Defeat to Sheffield United might just have provided clues to a shift in Daniel Farke’s thinking for the Premier League end game.

The City chief should by now be well used to a forensic analysis of every move he makes. Especially on a matchday.

From the starting line up reveal an hour before kick-off to his tactical approach once the action gets underway to his apparent reluctance to twist often enough or soon enough when it comes to substitutions, according to his harshest detractors.

That latter point is as much perception as hard evidence, if you really study City's Premier League labours.

But to extrapolate such as somehow proof Farke has become too rigid, too inflexible in his thinking - once the top flight grind sapped the optimism and dulled the belief - is plain wrong.

Norwich's Championship title win owed everything to the bravery of a head coach willing to throw Max Aarons into the heat of an East Anglian derby, and keep him there.

Or first package Ben Godfrey as a centre back of some promise - despite a season long spell at Shrewsbury as a holding midfielder - and then keep him at the heart of his backline when both Timm Klose and Grant Hanley were available down the stretch.

Go back even further to Farke's first tour in England, and young men like Jamal Lewis and James Maddison owe a huge debt to a head coach who was not simply willing to espouse the virtues of youth but hang his future career prospects at Carrow Road on the success of backing raw talent.

And providing the environment to allow them to flourish.

If Farke was slavishly wedded to a philosophy woven around technically-gifted midfielders he would not have reverted to the more pragmatic selections of Alex Tettey and Kenny McLean over the second part of this Premier League campaign.

A duo designed to offer more ballast, more protection and a combative edge in an area Farke publicly acknowledged in recent times City were too vulnerable.

We saw the latest glimpse of Farke's evolving thought process against the Blades.

Todd Cantwell made way at the interval, Josip Drmic arrived and Tettey was deployed in the anchor role of a midfield diamond.

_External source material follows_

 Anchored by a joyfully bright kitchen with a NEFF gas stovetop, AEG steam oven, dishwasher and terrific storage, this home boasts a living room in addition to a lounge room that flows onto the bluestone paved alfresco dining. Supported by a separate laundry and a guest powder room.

It was new, it was innovative, and it was proactive.

Chris Wilder admitted afterwards it had given Sheffield United plenty to think about on the resumption, particularly in the manner it helped occupy a defensive three so pivotal to the Blades' own attacking template.

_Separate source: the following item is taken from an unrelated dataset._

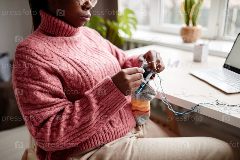 Молодая афроамериканская женщина вяжет носки
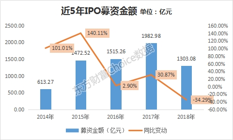 我们先来看看新股募资情况,东方财富Choice数据显示,2018年全年共有103只新股首发上市,较去年的421家,跌去近8成;首发实际募集资金1303.08亿元,较2017年的1982.98亿元,减少34.3%。

It might not have brought any tangible reward on the day, thanks to Dean Henderson's agility, but with both Mario Vrancic and Adam Idah also introduced later in the second period it did illustrate yet again Farke is willing to veer from the tried and trusted.

Given City's declining goal output, typified by Teemu Pukki's woes over the second half of this season, that quest for a spark demands more blue sky thinking from Farke ahead of Southampton's visit to Norfolk.

Had injuries not ravaged Norwich's backline one can be sure we would have seen far more than a fleeting sight of the defensive three and wing backs approach Sheffield United have harnessed to such effect.

Farke's willingness to embrace change and embark on a radical path is what brought him to Norfolk in the first place.

In the fallow periods of a bruising debut season in the unforgiving Premier League, Farke's teams have looked predictable, ponderous and lightweight. But the signs at Bramall Lane in the second half perhaps suggested the head coach is willing to try and catch rivals off-balance.

Farke needs to be even bolder down the stretch than he exhibited at the interval last Saturday.

Whether it is personnel or formation Norwich need to change the narrative, or the current script has a depressingly gloomy air of finality.

Wilder was also right to claim the majority have already written off the Canaries.

If that is the case his old rival really has nothing to lose.